Saturday 1 June 2024

Boys from the Blackstuff - Review

National Theatre, London


Written by Alan Bleasdale
Play written by James Graham
Directed by Kate Wasserberg

Barry Sloane

Recent weeks have seen the stage translations of two television classics from the late 20th century open in London. John Cleese’s adaptation of Fawlty Towers has been a delight - taking his claustrophobic Torquay hotel and literally transporting its set, characters and storylines across both miles and decades to create theatrical magic. James Graham’s attempt at transitioning Alan Bleasdale’s bleakly brilliant Boys from the Blackstuff however marks a departure from Graham’s typically trademark genius and proves a depressing disappointment.

In the 1980’s Bleasdale’s six teleplays, each exquisitely photographed and acted around Liverpool, spoke with wit, tenderness and tragedy as they told of the challenges faced by the city in those times. The desperation and desolation of a group of men who’d previously earned their living laying tarmac (the titular blackstuff) won the nation’s hearts. Back in the day when there were only (just) four UK TV channels, Boys from the Blackstuff, with the late Bernard Hill’s remarkable interpretation of the defiantly damaged Yosser Hughes made for sensational viewing.

Indeed, the 1980s were fertile years in which the performing arts captured Liverpool’s pain with Willy Russell’s musical Blood Brothers emerging to be a timeless gem, still packing out theatres to this day. With hindsight, James Graham should have left the era well alone. Bleasdale’s original, skilfully directed by Philip Saville, took an hour-long episode to graphically flesh out each of the series’ characters. Today’s iteration sees Graham snatch vignettes from each of those original storylines and attempt to mould them into a two-hour blob of drama. The result is shallow, crass and un-engaging, with the tragic pathos of Bleasdale’s original, sacrificed on an altar of pseudo-relevant scenery, projections and a distracting (and on this press-night, technically disastrous) soundscape. 

The play has moments of a fine portrayal of human suffering from Barry Sloane’s Yosser, but otherwise - and this is a disgrace for a show that stems from such an outstanding pedigree - the evening is a bore.

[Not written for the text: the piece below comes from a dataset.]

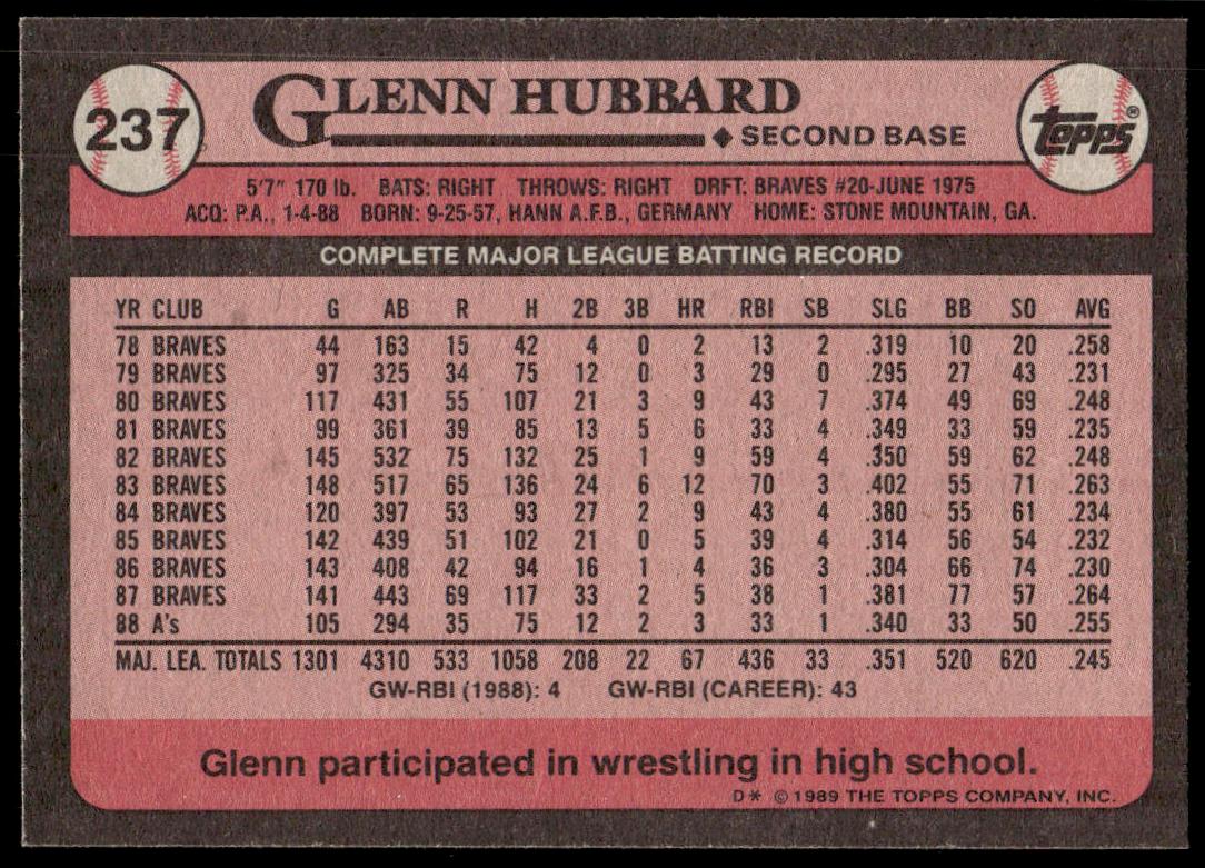 This Baseball card, from 1989 is part of the Topps  card set. Glenn Hubbard is featured and has a card number of 237.

Music from the 1980s is piped into the auditorium before and after the show. The Special’s Ghost Town, playing before curtain-up, could have been foretelling the post-interval gaps that were to emerge in the audience. And indeed when the somewhat depleted throng did return to their seats after half-time, it was Paul Weller coming through the Olivier’s sound system with The Jam’s song That’s Entertainment. If only.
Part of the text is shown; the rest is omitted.